» Your objective
Two lines in the listing below mark the span: one contains "扬州大自然网络信息有限公司职业技能等级认定公示" and one contains "The Furniture of". Reproduce both of them and everything between, exactly.

» Given data
#####

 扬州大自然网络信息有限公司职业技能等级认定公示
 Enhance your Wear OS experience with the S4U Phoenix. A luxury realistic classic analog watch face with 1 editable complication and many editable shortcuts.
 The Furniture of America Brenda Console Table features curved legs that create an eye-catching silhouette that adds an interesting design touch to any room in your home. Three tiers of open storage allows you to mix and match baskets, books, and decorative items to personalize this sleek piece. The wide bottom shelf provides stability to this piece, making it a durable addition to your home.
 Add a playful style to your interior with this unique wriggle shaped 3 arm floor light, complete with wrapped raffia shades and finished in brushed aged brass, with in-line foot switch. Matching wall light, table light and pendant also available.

#####

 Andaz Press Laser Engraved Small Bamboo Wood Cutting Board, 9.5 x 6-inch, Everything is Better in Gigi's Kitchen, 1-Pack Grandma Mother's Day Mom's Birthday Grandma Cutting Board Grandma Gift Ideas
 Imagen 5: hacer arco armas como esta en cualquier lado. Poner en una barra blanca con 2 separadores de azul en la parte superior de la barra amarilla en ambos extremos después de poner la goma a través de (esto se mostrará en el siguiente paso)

#####

» Task result
 扬州大自然网络信息有限公司职业技能等级认定公示
 Enhance your Wear OS experience with the S4U Phoenix. A luxury realistic classic analog watch face with 1 editable complication and many editable shortcuts.
 The Furniture of America Brenda Console Table features curved legs that create an eye-catching silhouette that adds an interesting design touch to any room in your home. Three tiers of open storage allows you to mix and match baskets, books, and decorative items to personalize this sleek piece. The wide bottom shelf provides stability to this piece, making it a durable addition to your home.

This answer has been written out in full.